# Records for the exercise

··········

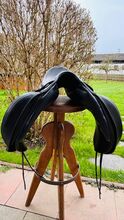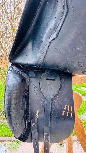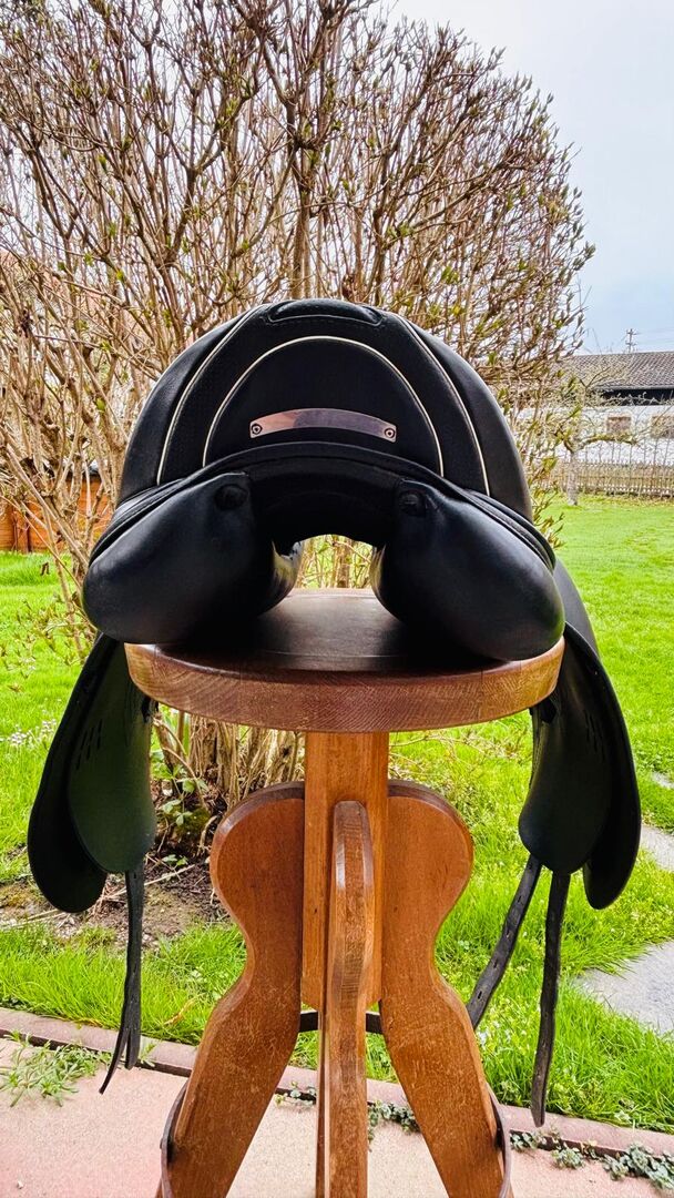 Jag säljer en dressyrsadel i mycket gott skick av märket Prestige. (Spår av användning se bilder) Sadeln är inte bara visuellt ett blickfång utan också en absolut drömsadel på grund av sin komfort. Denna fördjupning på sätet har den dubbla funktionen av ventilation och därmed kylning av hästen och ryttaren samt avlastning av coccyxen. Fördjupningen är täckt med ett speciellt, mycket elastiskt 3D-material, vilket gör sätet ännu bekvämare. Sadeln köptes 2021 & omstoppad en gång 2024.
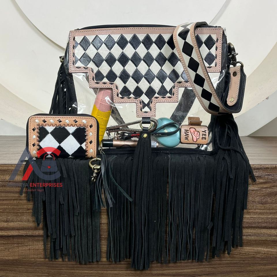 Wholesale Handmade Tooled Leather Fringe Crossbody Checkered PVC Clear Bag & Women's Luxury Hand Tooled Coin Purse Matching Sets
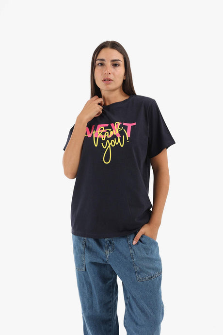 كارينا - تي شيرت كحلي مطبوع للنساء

··········

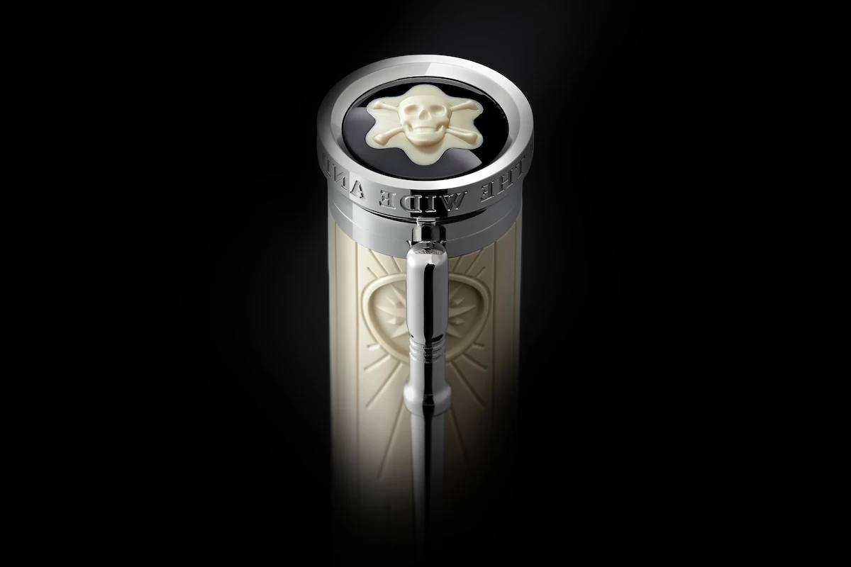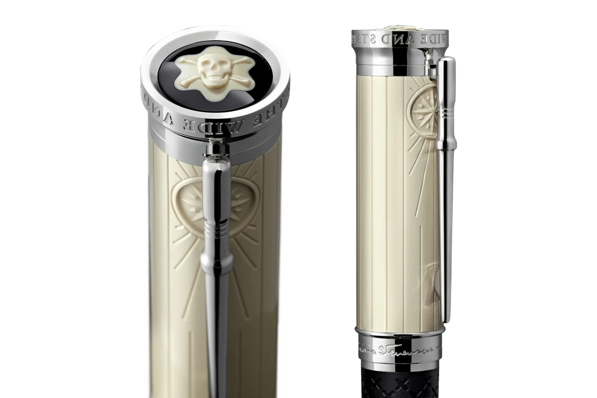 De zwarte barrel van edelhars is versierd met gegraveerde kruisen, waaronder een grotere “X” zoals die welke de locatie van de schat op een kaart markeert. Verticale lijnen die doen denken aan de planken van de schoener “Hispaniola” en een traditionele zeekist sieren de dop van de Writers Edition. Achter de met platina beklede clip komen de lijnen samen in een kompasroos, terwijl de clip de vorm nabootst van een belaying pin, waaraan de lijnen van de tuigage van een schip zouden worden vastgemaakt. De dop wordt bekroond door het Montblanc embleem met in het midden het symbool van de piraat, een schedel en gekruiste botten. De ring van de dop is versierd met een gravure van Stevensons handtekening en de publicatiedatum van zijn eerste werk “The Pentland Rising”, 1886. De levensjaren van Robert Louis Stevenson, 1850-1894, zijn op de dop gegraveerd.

··········

# Instructions to follow
Excerpt from the records above: set down only the lines from the one that contains "Jag säljer en" through the one that contains "كارينا - تي شيرت كحلي مطبوع للنساء", inclusive, word for word. Pictures stay out.

# Result of the exercise
 Jag säljer en dressyrsadel i mycket gott skick av märket Prestige. (Spår av användning se bilder) Sadeln är inte bara visuellt ett blickfång utan också en absolut drömsadel på grund av sin komfort. Denna fördjupning på sätet har den dubbla funktionen av ventilation och därmed kylning av hästen och ryttaren samt avlastning av coccyxen. Fördjupningen är täckt med ett speciellt, mycket elastiskt 3D-material, vilket gör sätet ännu bekvämare. Sadeln köptes 2021 & omstoppad en gång 2024.
 Wholesale Handmade Tooled Leather Fringe Crossbody Checkered PVC Clear Bag & Women's Luxury Hand Tooled Coin Purse Matching Sets
 كارينا - تي شيرت كحلي مطبوع للنساء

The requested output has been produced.